C.W. Kraushaar Galleries, New York, 1924
William F. Laporte, Passaic, New Jersey, 1924 (acquired from the above)
Thrift Shop of the Girls Club of New York, New York, by 1959
Acquired by the present owner from the above, 1959

Literature

Albert Eugene Gallatin, Gaston Lachaise, New York, 1924, pp. 13, 51, illustration of another example pl. 14
Donald Bannard Goodall, "Gaston Lachaise, Sculptor," Ph.D. dissertation, Harvard University, 1969, vol. I, pp. 187, 397-400, 416n116, 158, 161; vol. II, pp. 137-38, 485-86, illustration of another example pl. LXIII
Sam Hunter and David Finn, Lachaise, New York, 1993, illustrations of another example pp. 43, 70-73
Gerald Peters Gallery, Gaston Lachaise: A Modern Epic Vision, New York, 2012, illustration of another example pl. 46

Catalogue Note

One of Gaston Lachaise's most popular works, The Peacocks not only expresses the artist’s deep love for wild creatures but also exhibits his delight in creating opulent, energized, rhythmically interrelated forms. Lachaise viewed peacocks and other animals as embodiments of fundamental force. The plaster model for The Peacocks was included in Lachaise’s first solo exhibition at New York's Bourgeois Galleries in 1918, and helped to bring him immediate fame. It was also reproduced the following year in Vanity Fair.

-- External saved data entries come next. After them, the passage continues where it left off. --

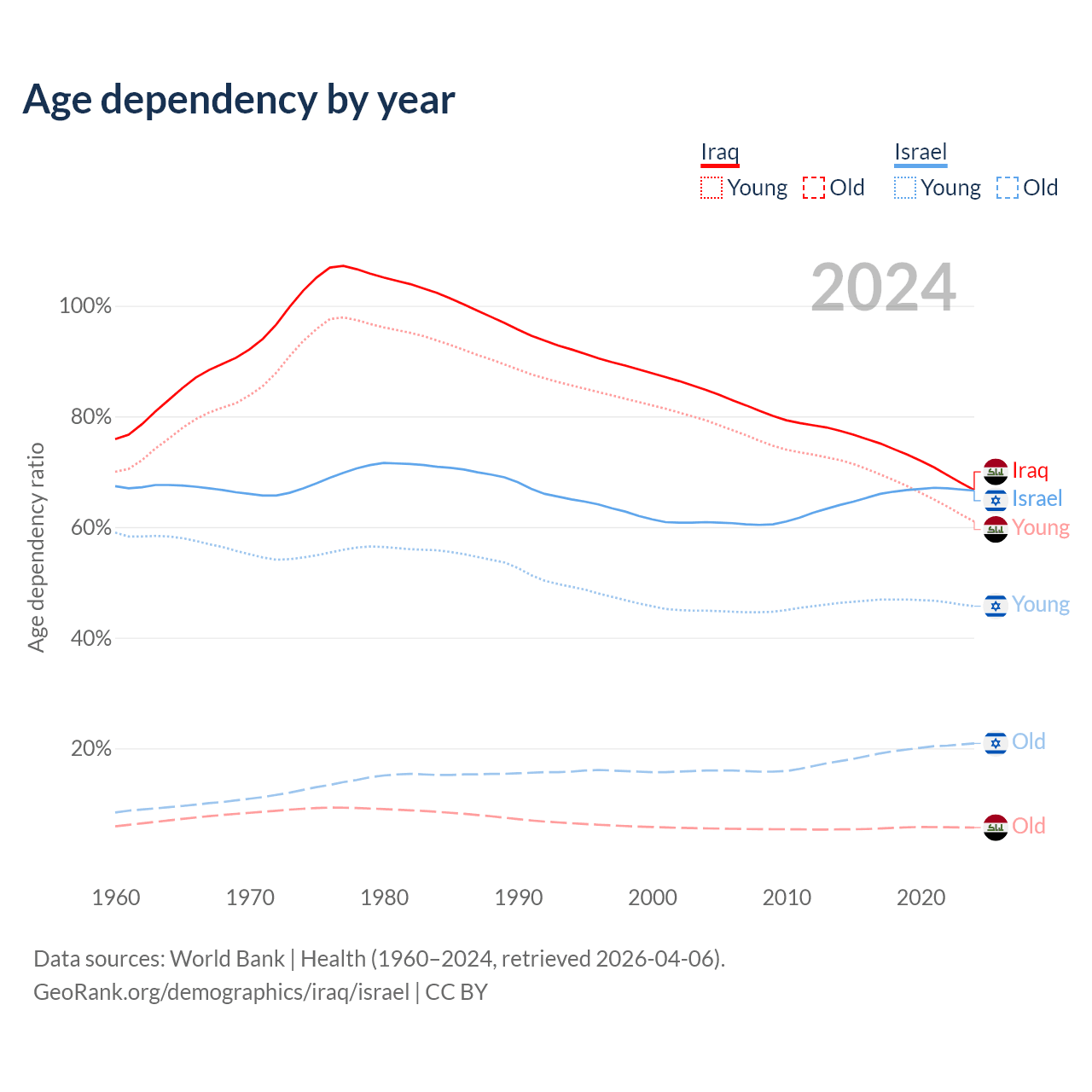 - Iraq is ranked 151/196 by median age (oldest to youngest) vs 103/196 for Israel.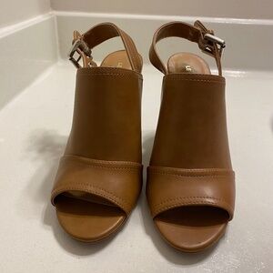 Le Chateau shoes, buckle strap, woodgrain heels. Never worn Heel height is 3.75 inches.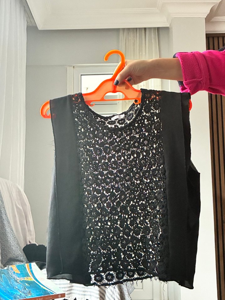 Dantel Detaylı Siyah Kolsuz Bluz

Lachaise registered the copyright for the composition in June 1922, and a total of fourteen bronze casts of the work (of a projected edition of twenty) were made according to his specifications at the Roman Bronze Works between that date and 1929 for John Kraushaar, the director of the C. W. Kraushaar Galleries in New York City, to whom Lachaise sold the entire edition. Six of the casts are now included in significant public collections such as The Metropolitan Museum of Art. The present bronze, the sixth in the edition, was cast in April 1924 and was purchased five months later by William F. Laporte (1874-1958); it was the first of several sculptures by Lachaise acquired by this dedicated collector and his wife. The plaster model for The Peacocks is lost.